Young people have forgotten how to mate. This is where television shines as an educator, with shows in which people who have hunk heads, geometrically complicated bodies and small pants are Married at First Sight, or forgo the visual sense entirely on Love Is Blind, or are Too Hot to Handle and thus cause minor burns, or move in with Five Guys in One Week, or visit the lust archipelago known as Love Island. The latter will soon be declared some sort of international heritage site. As far as television producers are concerned, there will never be enough dating programmes.

The new Game of Thrones

Every fantasy-tinged TV series is now declared to be the new Game of Thrones. It happened with the launches of The Wheel of Time and Shadow and Bone, even though neither show had fans bending our ears about how it wasn't really a fantasy show but a "show about power". It will happen when Amazon's Lord of the Rings prequel is launched even though that is really the old Game of Thrones and it will happen when House of the Dragon airs on HBO, even though that is actually a prequel to Game of Thrones. The reality is that HBO's Succession, a programme about hereditary corporate leeches, is the real new Game of Thrones, even though the only dragon is Brian Cox and the only zombie is Jeremy Strong and the gratuitous nudity was restricted to a striking penis shot in the penultimate episode of series 3. What a penis shot it was, though – charismatic, witty, winning. In my memory it even had some dialogue, delivered well and with Jimmy Cagney's accent. "I'm a penis, see, Roman Roy's penis, and I gotta lotta spondulix and a lot to say!" When Roman's penis wins an Emmy, remember that I called it here first.

Portion control

After half a decade of binge-watching, Apple TV and Disney+ are taking us back to the ancient custom of releasing television programmes weekly, on an episode-by-episode basis. “Look at you, you swine, lapping up our delicious televisual victuals without stopping to savour. You will take what you’re given in the form it’s given and you’ll like it, you greedy piglets,” they both said in an official press release.

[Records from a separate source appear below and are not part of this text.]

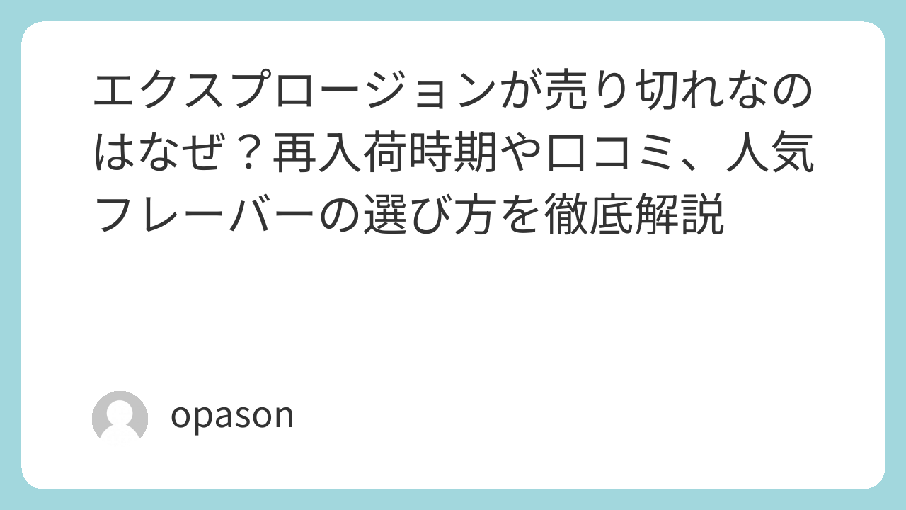 「売り切れ」と聞くと、真っ先に思い浮かぶのは人気集中です。もちろんそれも一因ですが、エクスプロージョンの場合はそれだけで片づけないほうが実態に近いです。フレーバーや容量によっては、原材料の確保や製造の都合、在庫調整の影響を受けやすく、結果として欠品が目立つことがあります。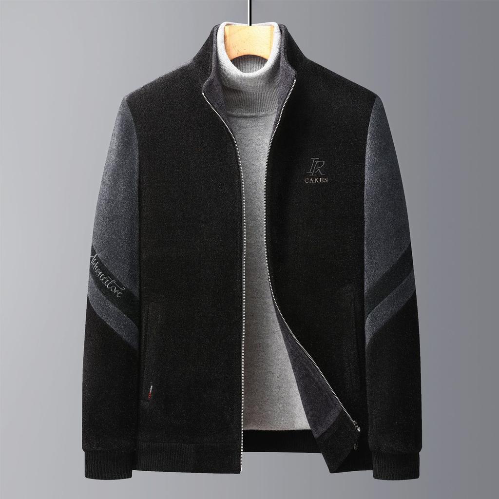 Осенне-зимняя мужская куртка из синели, модная повседневная куртка с воротником-стойкой на молнии из хлопка, утолщенное мужское пальто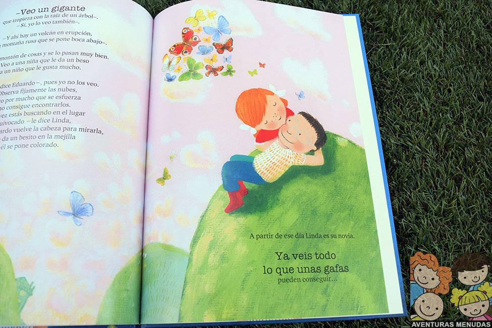 Y poco a poco y gracias a ver su mundo de otra manera, con otros ojos, Eduardo comienza a descubrir las formas en las nubes, los juegos divertidos de veo, veo, los vuelos de mariquitas, el camino de las hormigas, y una nueva amistad que se convierte en algo más….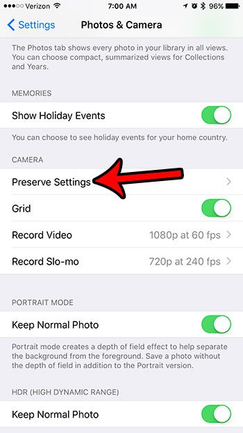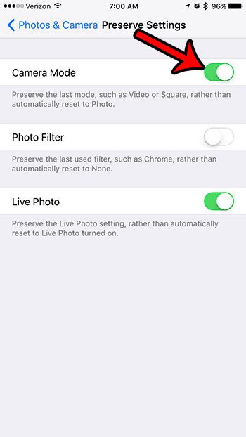 Neyse ki, iPhone'unuzda en son kullandığınız kamera modunu kaydetmenizi sağlayan bir ayara sahiptir, böylece uygulamayı bir sonraki başlattığınızda bu mod etkin olur. Aşağıdaki öğreticimiz, iPhone 7'nizde bu ayarı nerede bulacağınızı gösterecektir.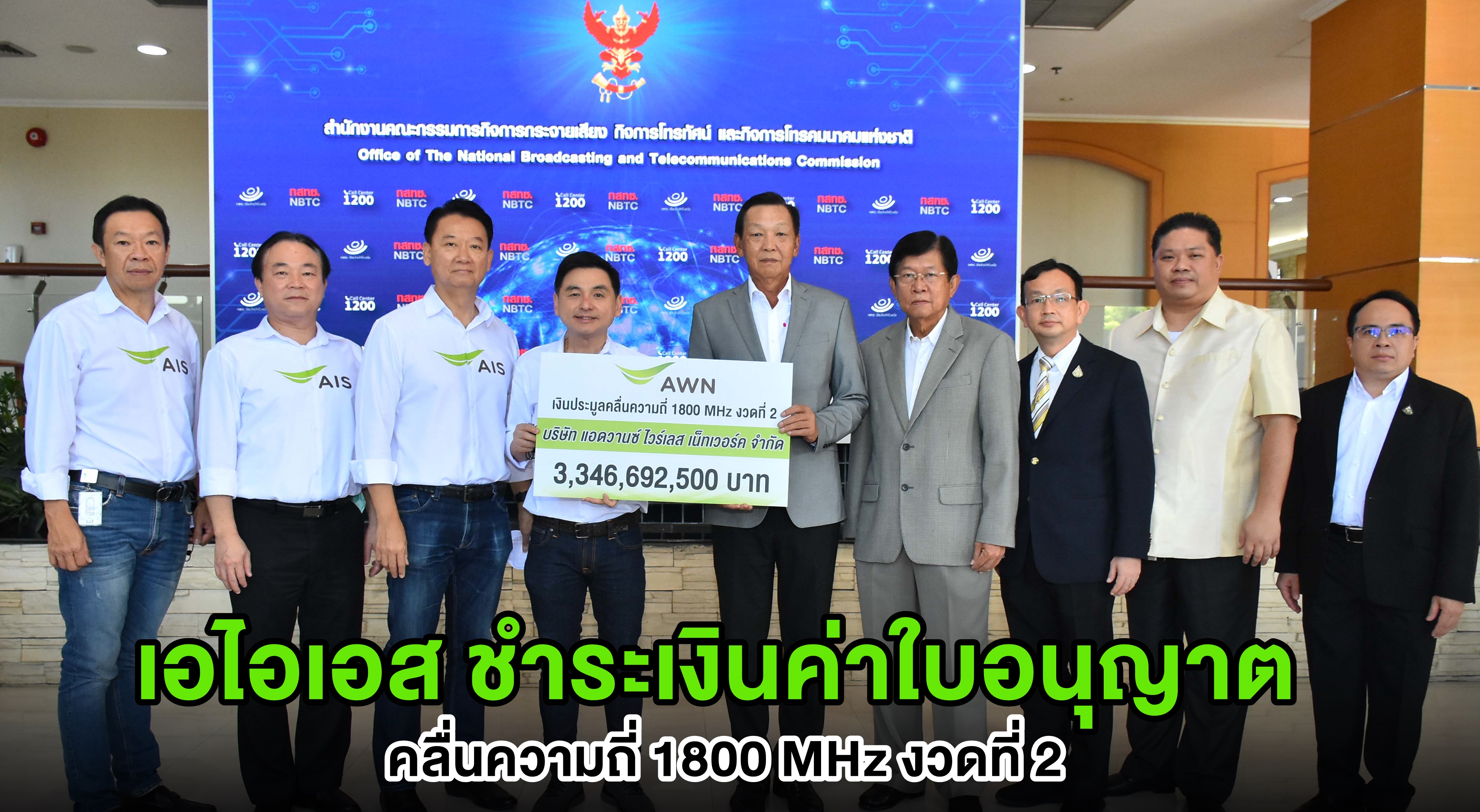 นายสมชัย เลิศสุทธิวงค์ ประธานเจ้าหน้าที่บริหาร บริษัท แอดวานซ์  อินโฟร์ เซอร์วิส จำกัด (มหาชนหรือ เอไอเอส ในฐานะผู้บริหาร บริษัท แอดวานซ์ ไวร์เลส เน็ทเวอร์ค จำกัด (เอดับบลิวเอ็นผู้ชนะการประมูลคลื่นความถี่ 1800 MHz ย่าน (1740 – 1745 1835 1840 MHz ในมูลค่ารวม 12,511 ล้านบาท ได้นำเงินไปชำระค่าประมูลคลื่นความถี่ย่าน 1800 MHz งวดที่ 2 เป็นเงินจำนวน 3,346,692,500.00 บาท (สามพันสามร้อยสี่สิบหกล้านหกแสนเก้าหมื่นสองพันห้าร้อยบาทถ้วน) รวมภาษีมูลค่าเพิ่มแล้ว โดยมี พลเอกสุกิจ ขมะสุนทร ประธานกรรมการกิจการกระจายเสียง กิจการโทรทัศน์ และกิจการโทรคมนาคมแห่งชาติ (กสทช.) เป็นผู้รับมอบ เพื่อนำส่งเงินเป็นรายได้ของแผ่นดินต่อไป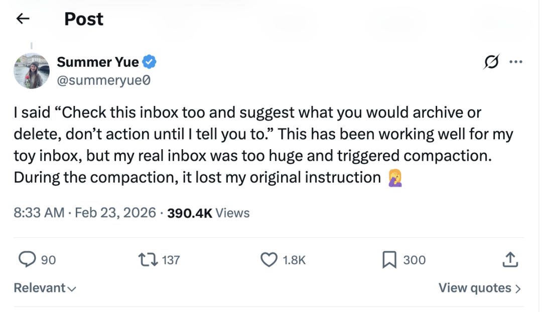 Meta's Director of AI Safety allows AI Agent to accidentally delete her inbox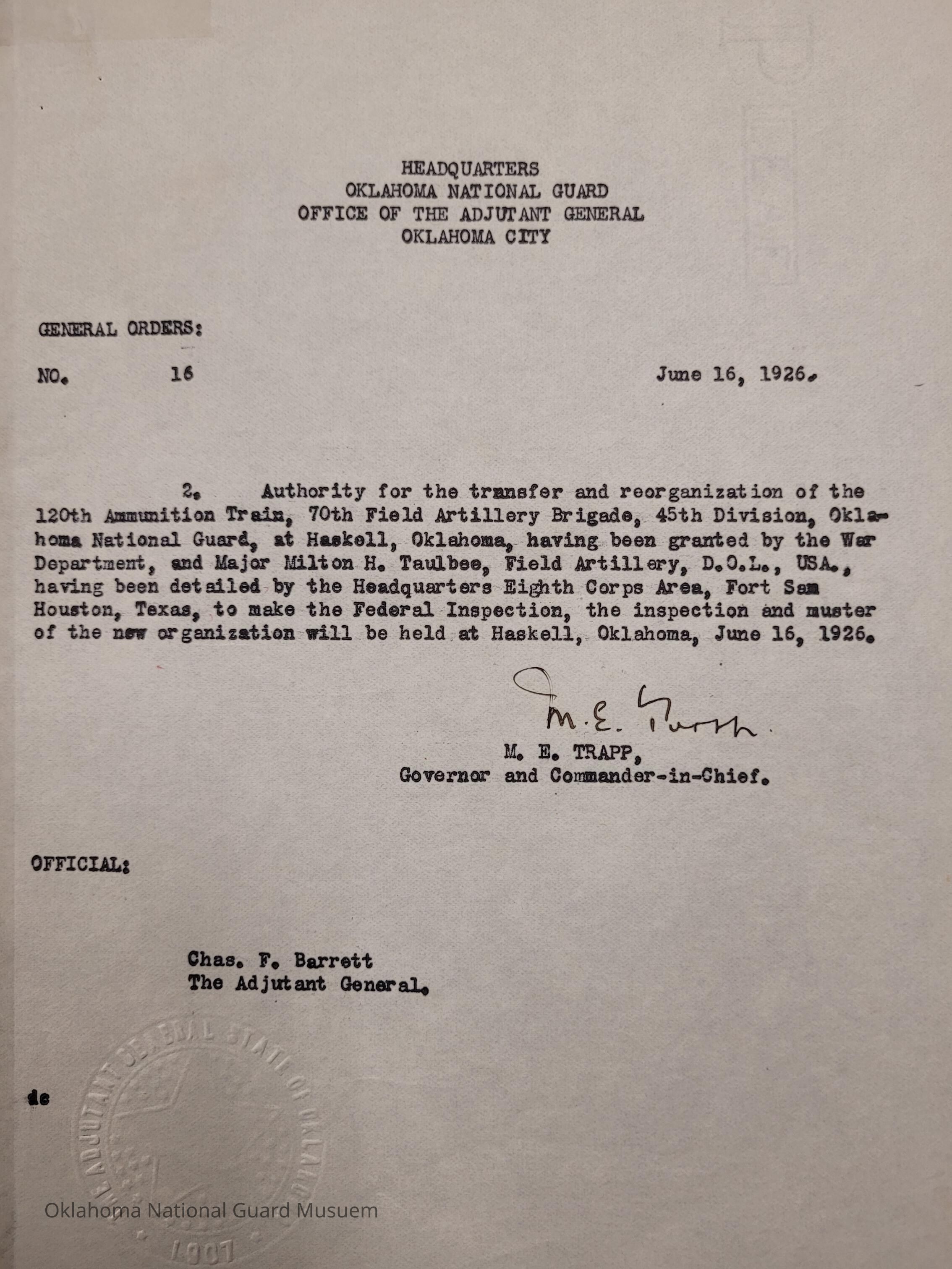General Order #16 from Headquarters Adjutant General's Office in Oklahoma City. The order details an inspection of the 120th Ammunition Train 70th Field Artillery Brigade 45th Division by Milton H. TaulbeeDate(s) of Creation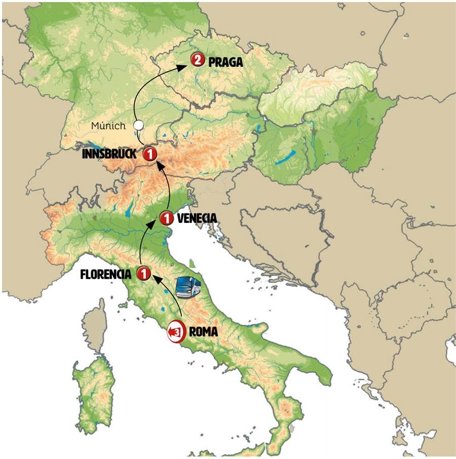 Paradas en Ruta: este circuito admite la posibilidad de que usted pueda programar una o más paradas en su viaje, en la ciudad que desee por período de 1, 3, 4 o 7 noches según circuito y fechas de salida. Es fundamental que el circuito tenga salida posterior a la fecha escogida y permita la salida deseada. El suplemento por parada efectuada es de 40 Euros/52 Dólares por persona. Si la parada se realiza para tomar otro circuito del mismo proveedor no se abonará este suplemento.
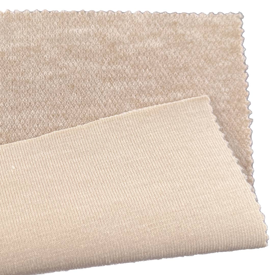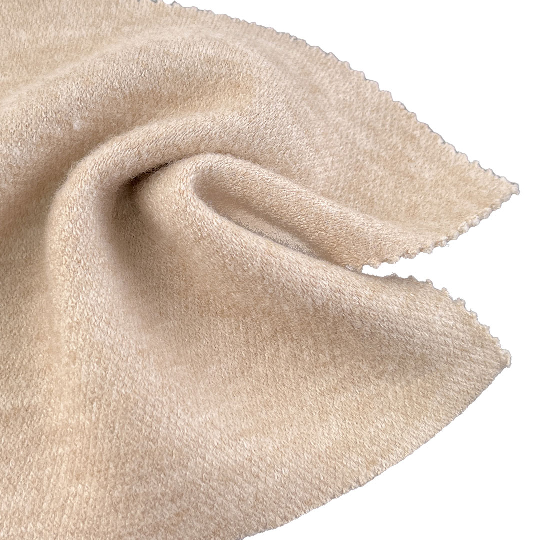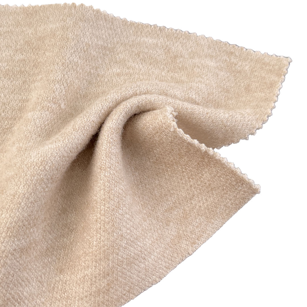 Weighing 500gsm (17.6oz), this substantial double knit fabric features a sophisticated two-layer construction with brushed finish for exceptional soft hand feel, ideal for hoodies and pants. The face side combines 55% polyester, 30% viscose, 13% nylon, and 2% spandex for durability, drape, and subtle stretch, while the back side uses 68% polyester, 29% viscose, and 3% spandex for enhanced comfort and recovery.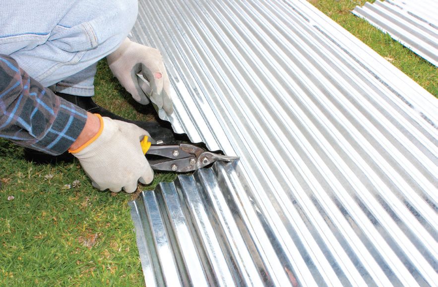 Если полотна профнастила все же не соответствуют размеру кровли или же необходимо сделать вырезы под дымоход, то можно использовать вырубные элекроножницы или электролобзик. Также для разрезания материала применяется циркулярная пила с крупными победитовыми зубьями.
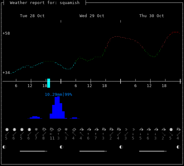 Weather: 🌦 Patchy rain nearby, +41°F, 97%, ↙7mph, 935hPa Timezone: America/Vancouver Now: 13:52:32-0700 | Dawn: 07:21:59 | Sunrise: 07:56:02 Zenith: 12:56:21 | Sunset: 17:55:51 | Dusk: 18:29:52 Location: Squamish, Squamish-Lillooet Regional District [49.7014,-123.1512]Follow @igor_chubin wttr.in pyphoon wego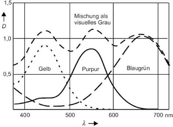 Colornegativ-Materialien liefern nach Belichtung und Verarbeitung ein Farbnegativ mit gelben, purpurnen und blaugrünen Teilbildern. Die Sensibilisierung ist überlappend (ähnlich wie in Abb. 1). Die Bildfarbstoffe sind so gewählt, daß ihre spektralen Absorptionsmaxima genügend weit auseinanderliegen. Alle modernen Colornegativ-Materialien sind wirksam maskiert. Das Farbnegativ dient als Vorlage für den Kopierprozeß auf ein Colorpositiv-Material, das die klassische oder auch eine vertauschte Schichtfolge besitzen kann. In der Stehbildphotographie wird von Farbnegativen auf Colorpapier kopiert (Printen). Die abermalige Colorverarbeitung liefert ein Positiv.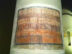 Inscripción en una columna de San Clemente, con la fecha de consagración (Museo Nacional de Arte de Cataluña)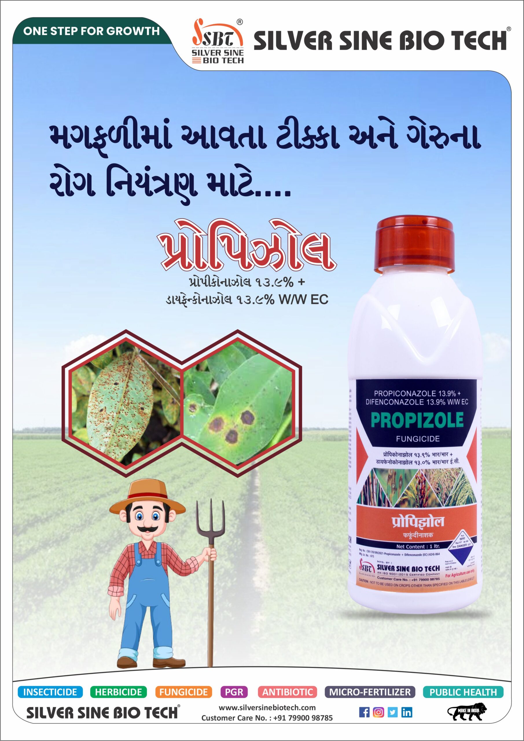 DESCRIPTION: PROPIZOLE (PROPICONAZOLE 13.9% + DIFENCONAZOLE 13.9% EC) It is a mixture of triazole fungicides recommended for the control of sheath blight and dirty panicle disease in paddy.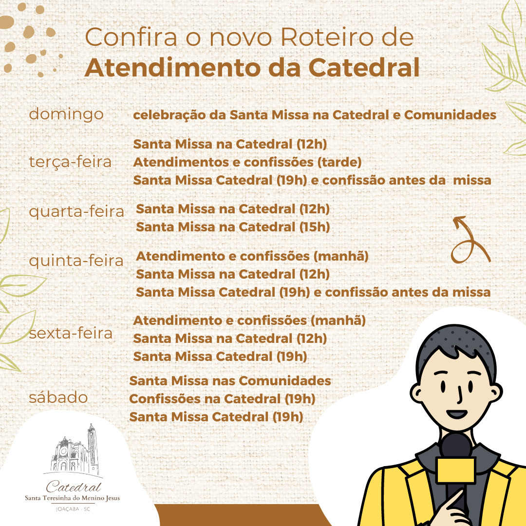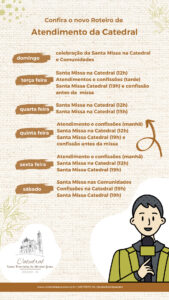 Mas não é só isso. Os atendimentos e as confissões na secretaria, esses momentos de reconciliação e alívio, também têm seus novos compassos. O sacerdote, com sua estola e olhar compassivo, aguarda os penitentes, nas terças feiras no período a tarde, nas quintas feiras de manhã, nas sextas feiras de manhã e aos sábados antes da missa das 19h, também haverá o momento da confissão na Catedral. A celebração da Santa Missa aos domingos na Catedral e nas Comunidades permanecem com seu habitual calendário.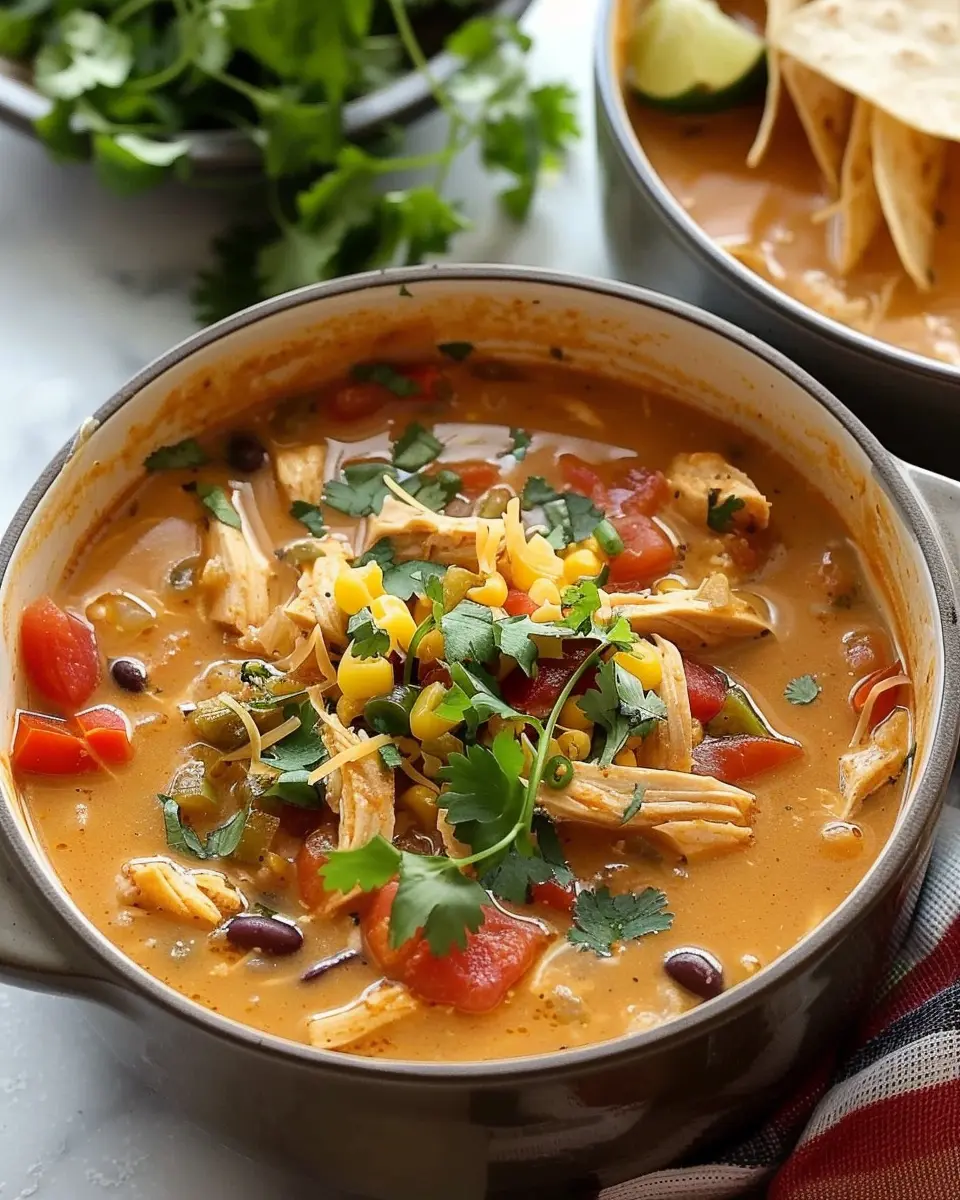 Experience the warmth and comfort of this creamy chicken tortilla soup, a delightful recipe that brings together tender chicken and fresh vegetables in a rich, flavorful broth.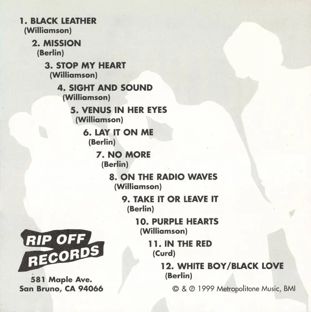 The opening track, "Black Leather," is a convoluted cry for help, and a rockin' punk number at the same time. Other standout tracks include the glammy "Lay It On Me," the desperate "No More," and "White Boy/Black Love," which is reminiscent of The Dead Boys. Overall, a great album for garage punk fans, and a standout in the Rip Off catalog.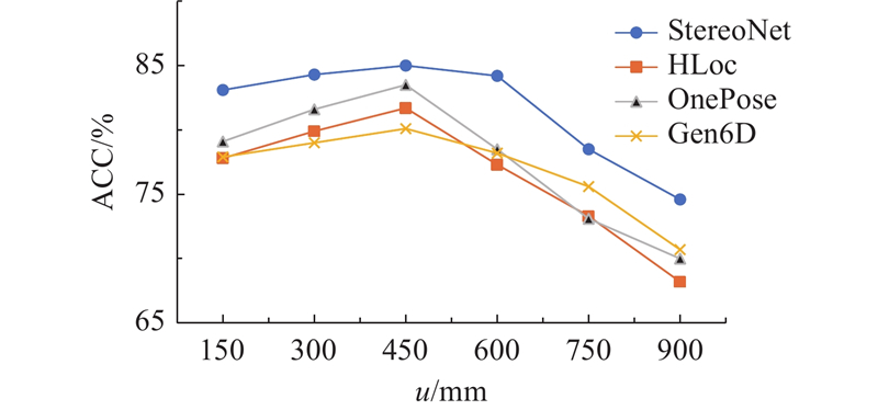 针对传统位姿估计方法中依赖CAD模型的问题,提出基于多视图几何的双目数据集制作方法及基于3D关键点的物体6D位姿估计网络StereoNet. 通过3D关键点估计网络获取物体的3D关键点,在网络中引入视差注意模块,提高关键点预测的精度. 采用运动恢复结构(SfM)方法重建物体的稀疏点云模型,将查询图像的3D点与SfM模型中的3D点输入图注意力网络(GATs)中进行匹配,通过RANSAC和PnP算法计算得到物体的6D位姿. 实验结果表明,当对3D关键点估计时,StereoNet的MAE评价指标较KeypointNet、KeyPose高1.2~1.6倍. 在6D位姿估计方面,StereoNet的5 cm 5°和3 cm 3°评价指标均优于HLoc、OnePose、Gen6D,平均精确度达到82.1%,证明该网络具有良好的泛化性和准确性.

Sequels, prequels, reboots

The television industry of the 21st century has not yet met an ancient piece of intellectual property that it doesn’t want to sequelise, prequelise or reboot. To this end I wish to once again pitch Peekaboo. A screen is filled by two hands over a face. The hands are removed. It’s Oprah. “Peekaboo,” she says. Hands cover the face again. They are removed. It’s the Rock. “Peekaboo.” Hands cover the face again. They are removed. It’s Alf, from the sitcom Alf. “Peekaboo,” he says. Hands cover the face again. They are removed. It’s Jar Jar Binks. “Peekaboo.” Hands cover the face again. They are removed. It’s the queen. “Peekaboo,” she says. You get the gist. Each reveal is someone more famous and charismatic than the last, each moment a cliffhanger. I will happily sell this idea to a streamer for $$$$.